Tuesday 21 July 2020

The big chap

 The Cerne Giant [L above] is on a hillside two villages over from where my parents lived in Dorset. His todger is 10m long and his club even longer. There have, of course ,been rumours that IF you desire to fall pregnant THEN visiting himself at night will help things along . . . you have to lie with a a real man as well; we're not talking about miraculous conception here.  Recently, some enterprising prankster added a contemporary mask to the big feller's face.

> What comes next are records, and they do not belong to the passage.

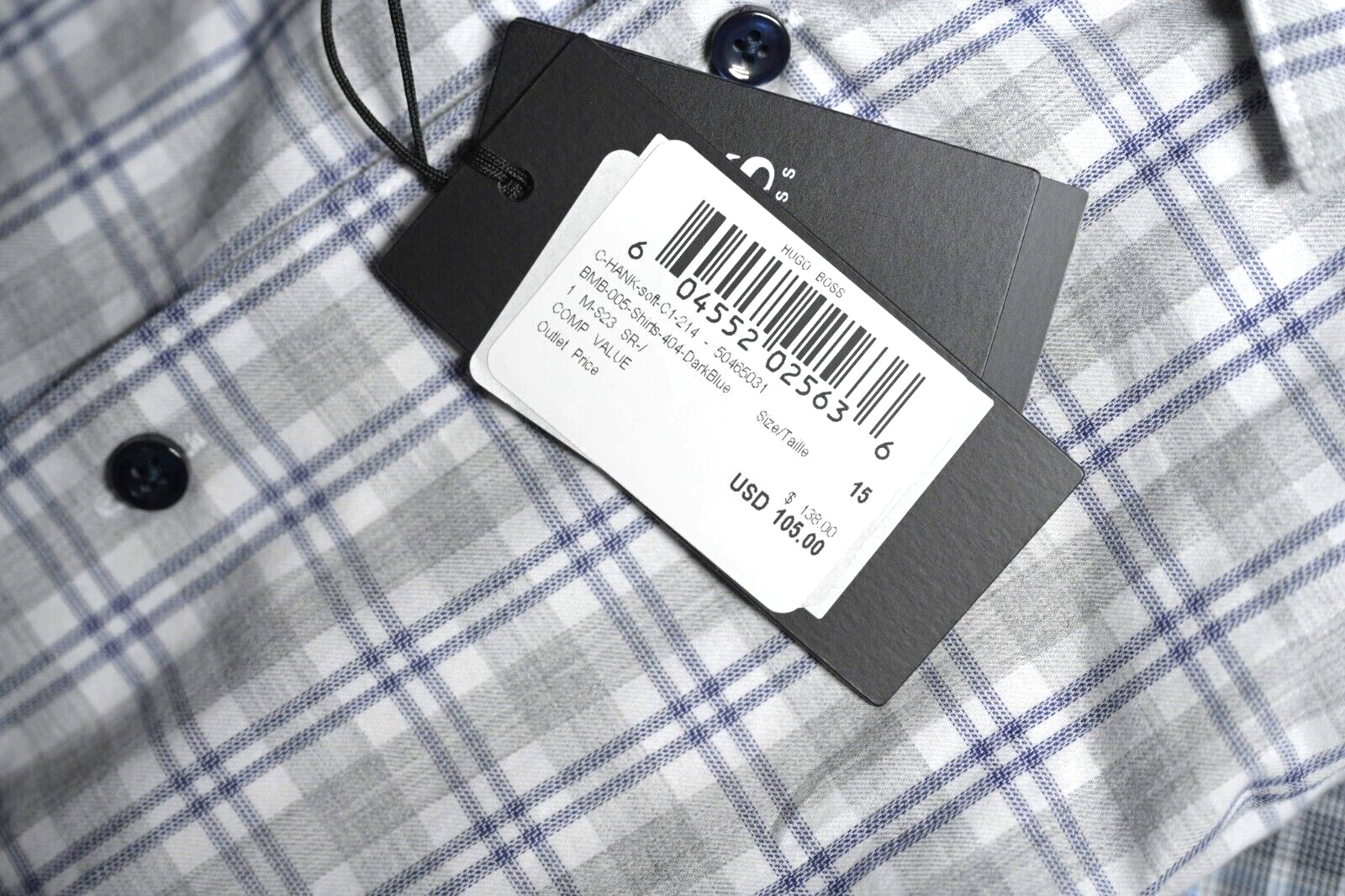 Hugo Boss Herren Hank Weiches Slim Fit Blau/Grau Kariertes Baumwoll Hemd 38 15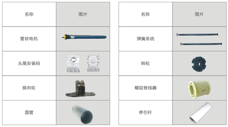 ●每套係統使用一台50係列的管狀電機和一個彈簧係統;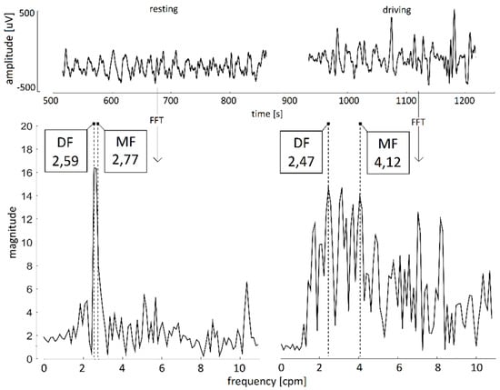 DF was calculated as the position of the maximum peak in the frequency spectrum of the EGG signal []. MF was calculated as the frequency that divides the spectrum obtained by the application of Fast Fourier Transform (FFT) into two parts with the same power integral []. Both DF and MF were determined for each segment in the EGG time series. Figure 4. presents the DF and MF parameters of two sample signals from one test subject. We can visually observe changes in the frequency content during the driving sequence compared to the resting period. This change is the consequence of frequency shifts in FFT towards the tachygastric range (4–10 cpm). DF fails to detect this obvious shift because it is dependent on the global maximum peak in FFT. On the other side, MF reliably detects these frequency alterations and can be used as a quantitative measure of a frequency shift as suggested previously in []. Although the initial results on DF and MF sensitivity (Figure 4.) suggested that DF might be excluded, both parameters were kept in order to perform a detailed analysis on all recorded segments for final decision.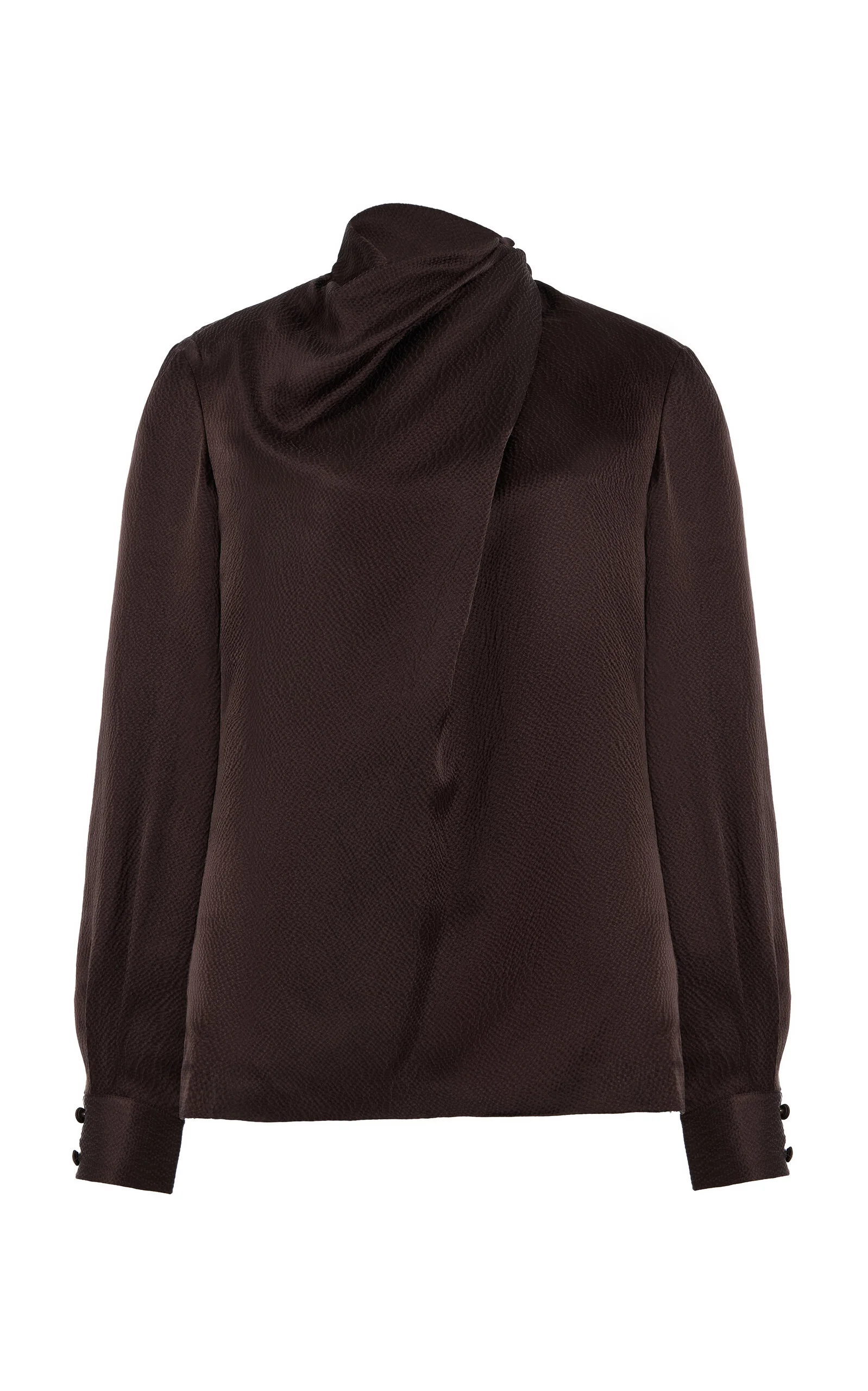 The sustainability pioneer is the industry leader in luxurious clothing and accessories that strike an understated elegance, yet are crafted with the utmost attention-to-detail and commitment to ethics. Made from luxurious silk crepe, the 'Marcela' top features a high-cut cowl neck that creates an elegant drape through the front. Tuck it into the matching Vargas pant. PRODUCT DETAILS - Resort '26 - Slip on - Composition: 100% silk - Designer color: Chocolate - Dry clean - Made in Italy

On a more historical front, National Trust archaeologists have recently put an 'earliest possible' construction date on the Cerne Giant. It's a dynamic structure, if everyone just left him alone then the grass and forbs would inevitably eat into the crisp white outline and in a generation there would be virtually nothing to see here. In 2019 a team of local volunteers hammered 17 tonnes of chalk into the white bits to make him all bright again. They do this every 10 years or so. While the labourers were doing the heavy lifting, the archaeologists went with their tooth-brushes to look at the interface between giant-work and bed-rock. There they revealed long dead shells of the vineyard snail Cernuella virgata, apparently crushed by the initial excavations.  But C. virgata is a blow in from continental Europe and was unknown in England before 1300.  The first written record of the Cerne Giant is in 1694.  It is thus much more likely that the picture started as a satire against Oliver Cromwell (1599-1658) than that it was subject to neolithic fertility caperings.